Вернувшись домой, я не выпускала из рук книжки Руссо, проглотила почти всю.
И что же? Самые лучшие места — любовные. Какой он там ни был великий мудрец, а все-таки описывает со всеми подробностями свои отношения к женскому полу.
Завтра мы с Капочкой поднимем такую возню! Я придумала явиться всем в костюмах. От сочинителя потребовала, чтобы он был одет пьеро. С его длинной фигурой будет очень смешно.

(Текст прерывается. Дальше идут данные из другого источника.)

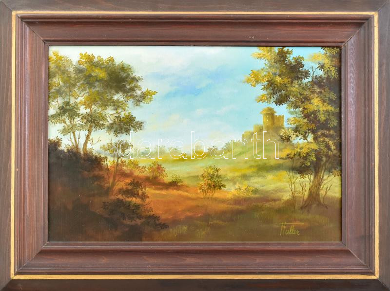 Haller Géza: Távoli vár. Olaj, rétegelt falemez. Dekoratív keretben. 27x38cm<a href="https://www.darabanth.com/hu/gyorsarveres/431/kategoriak~Festmenyek-es-grafikak/Festmenyek-es-grafikak~5000002/Haller-Geza-Tavoli-var-Olaj-retegelt-falemez-Dekorati

Костюм свой я приготовила в Толмазовом переулке и сниму его после ужина.
Ариша опять бы мне сделала чувствительную сцену, если б я явилась перед ней в виде нимфы. Домбрович сам мне нарисовал…
Да, завтра у нас пойдет "дым коромыслом". Это — выражение моей прелестной плясуньи. Я ее обожаю!
3 апреля 186*
Воскресенье
Срам! Ужас! Ах я окаянная!
Не могу писать…
Нет, я должна все рассказать, от слова до слова.
Боже мой, как я страдаю!
Вот как было дело. После обеда я легла спать, готовилась к ночи… В половине девятого я послала за каретой и поехала в Толмазов переулок. Туда был принесен мой костюм. Домбрович меня дожидался. Мы с ним немножко поболтали; он поправил мою куафюру на греческий манер. В начале десятого мы уже были на дворе нашей обители. Порядок был все тот же. Мы сейчас отослали извощика. Когда я посылаю Семена нанимать карету, я ему говорю, чтоб он брал каждый раз нового извощика и на разных биржах.
Поднялись мы по лестнице. Домбрович говорит мне:
— У тебя ключ, отопри.
Он мне, недели две тому назад, дал ключ на всякий случай и сказал мне еще тогда:
— Я иногда бываю рассеян; а у вас, женщин, память лучше. Береги его.
Я сунула руку в карман платья: ключа не было.
— Забыла? — спрашивает Домбрович.
Вспомнила я тут же, что оставила его на туалетном столике, когда Ариша чесала мне голову.
— Что делать? — прошептала я. Возвращаться нам не хотелось.